◆ **What to do**: A picture-free, exact transcript of the entries below is required.

◆ **Dataset content**:
----

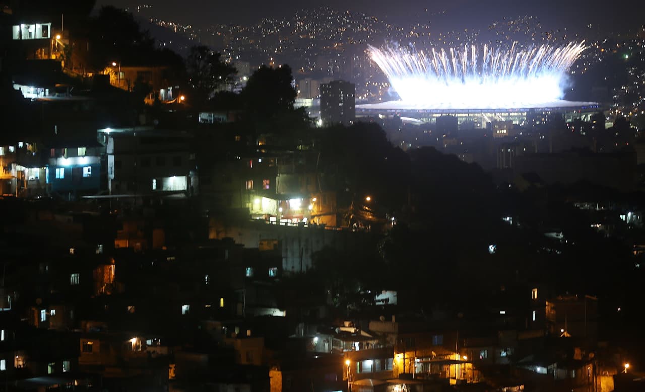 Comienza el espectáculo inaugural en el Maracaná. Las favelas de Río en la noche del 5 de agosto, al fondo el estadio iluminado por los fuegos artificiales.
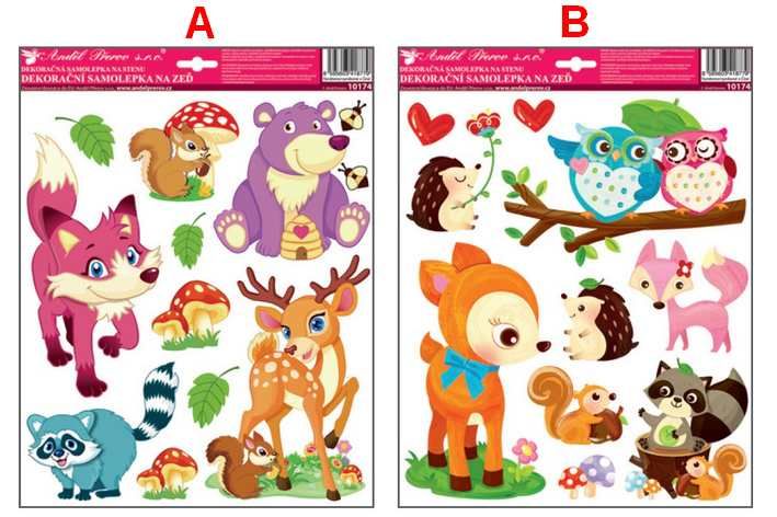Samolepky na zeď lesní zvířátka 33 x 29 cm Snadné použití! Vhodné na stěny, okna, zrcadla, kachličky a jiné hladké plochy! NÁVOD: Opatrně sejměte samolepku z podkladového papíru a umístěte ji na zvolenou suchou a čistou plochu. Vyhlaďte od středu ke krajům. Cena za 1 kus, dodáváme v mixu motivů.
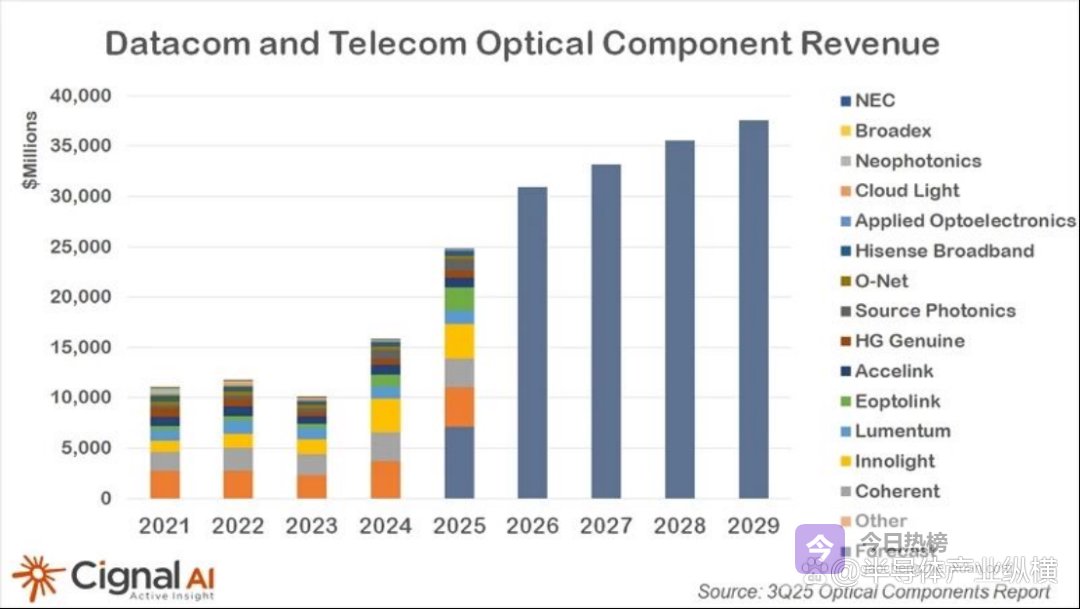 市场研究机构Cignal AI报告显示,2025年光器件市场营收将创历史新高,数通板块的营收预计超过180亿美元,相干光模块营收则达到近60亿美元。从2024年到2029年,数通光模块市场营收预计将以超过20%的复合年增长率持续增长,到预测期末将达到近290亿美元。
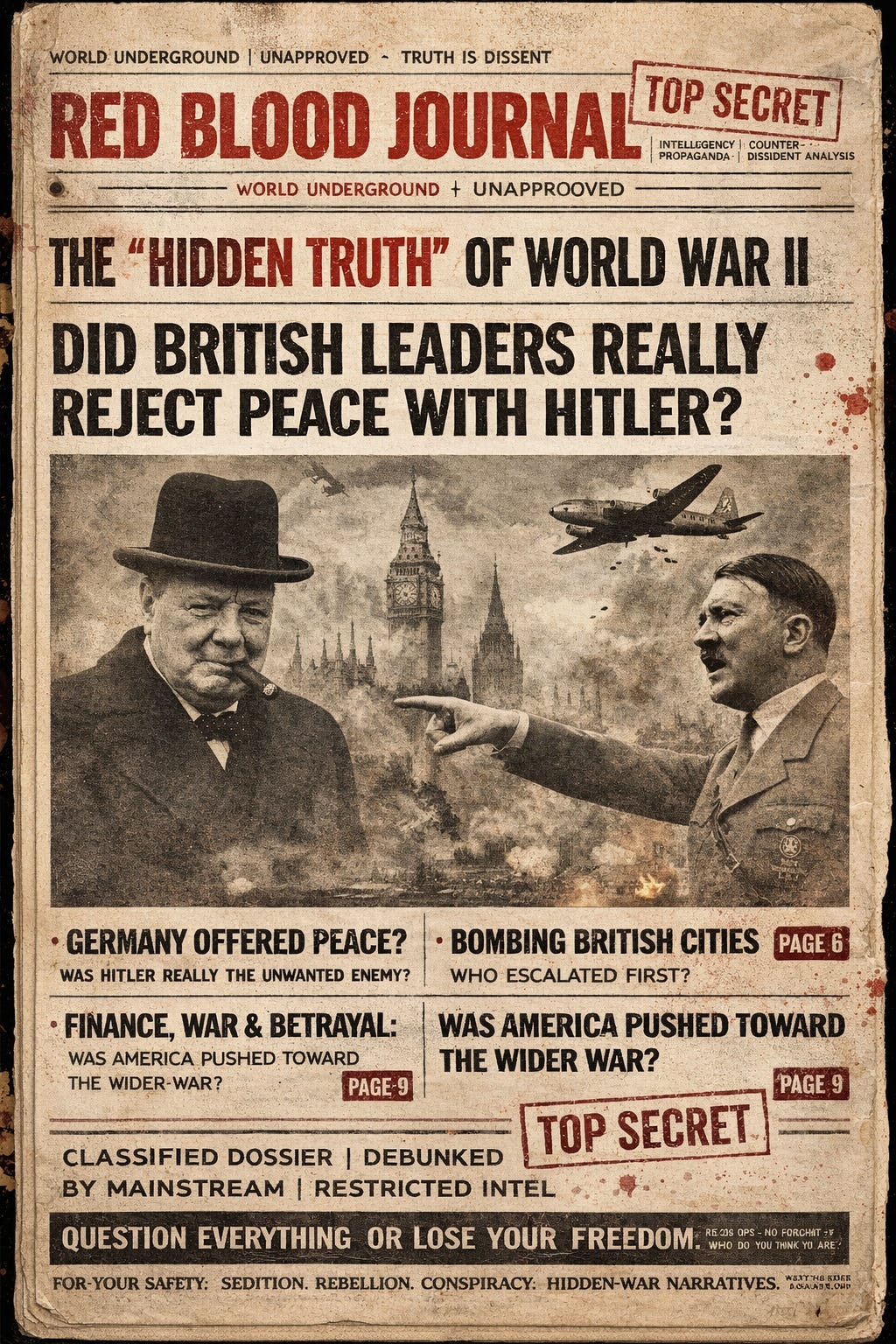 The document further explores controversial theories regarding the escalation of civilian bombing and the mysterious peace mission of Rudolf Hess.
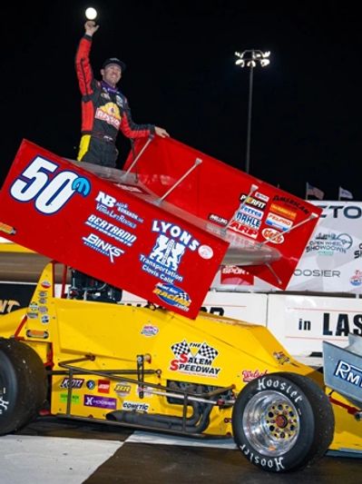 That said, Swanson’s latest success at Salem came in a different manner than each of his past five scores, all of which were 75 laps in length. Saturday’s race marked the first 100-lap USAC event at Salem in nearly 57, dating back to Rollie Beale’s Sprint Car win on the 33 degree high banks in October 1968.
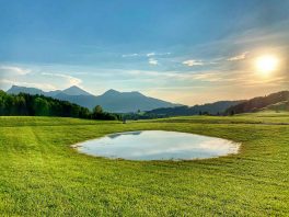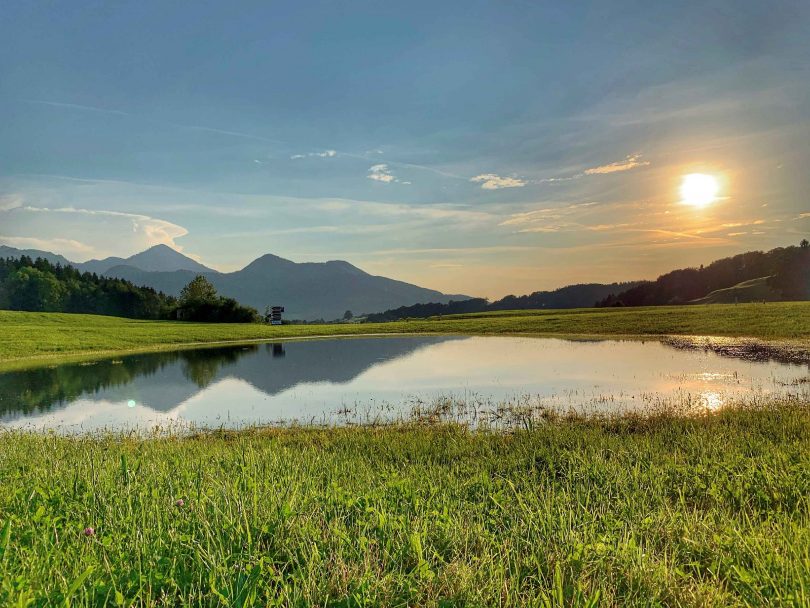 Der Starkregen der letzten Woche zeigt seine Hinterbliebenschaften auch noch an diesen Tagen. Zu einem regelrechten See in der Wiese, hat sich das Nass wie hier in Außerkoy bei Aschau i.Chiemgau angesammelt. Eine besondere Stimmung gibt es dabei beim Sonnenuntergang. Zur Abendstunde senkt sich der strahlende Planet und dazu spiegelt sich die Bergsilhouette von Zellerhorn und Aschauer-Kopf. Bei diesem Anblick ist kaum zu erahnen, was für Kräfte und Verwüstungen sich letzte Woche in der heimischen Natur abgespielt haben.

----

◆ **Task response**:
 Comienza el espectáculo inaugural en el Maracaná. Las favelas de Río en la noche del 5 de agosto, al fondo el estadio iluminado por los fuegos artificiales.
Samolepky na zeď lesní zvířátka 33 x 29 cm Snadné použití! Vhodné na stěny, okna, zrcadla, kachličky a jiné hladké plochy! NÁVOD: Opatrně sejměte samolepku z podkladového papíru a umístěte ji na zvolenou suchou a čistou plochu. Vyhlaďte od středu ke krajům. Cena za 1 kus, dodáváme v mixu motivů.
 市场研究机构Cignal AI报告显示,2025年光器件市场营收将创历史新高,数通板块的营收预计超过180亿美元,相干光模块营收则达到近60亿美元。从2024年到2029年,数通光模块市场营收预计将以超过20%的复合年增长率持续增长,到预测期末将达到近290亿美元。
 The document further explores controversial theories regarding the escalation of civilian bombing and the mysterious peace mission of Rudolf Hess.
 That said, Swanson’s latest success at Salem came in a different manner than each of his past five scores, all of which were 75 laps in length. Saturday’s race marked the first 100-lap USAC event at Salem in nearly 57, dating back to Rollie Beale’s Sprint Car win on the 33 degree high banks in October 1968.
 Der Starkregen der letzten Woche zeigt seine Hinterbliebenschaften auch noch an diesen Tagen. Zu einem regelrechten See in der Wiese, hat sich das Nass wie hier in Außerkoy bei Aschau i.Chiemgau angesammelt. Eine besondere Stimmung gibt es dabei beim Sonnenuntergang. Zur Abendstunde senkt sich der strahlende Planet und dazu spiegelt sich die Bergsilhouette von Zellerhorn und Aschauer-Kopf. Bei diesem Anblick ist kaum zu erahnen, was für Kräfte und Verwüstungen sich letzte Woche in der heimischen Natur abgespielt haben.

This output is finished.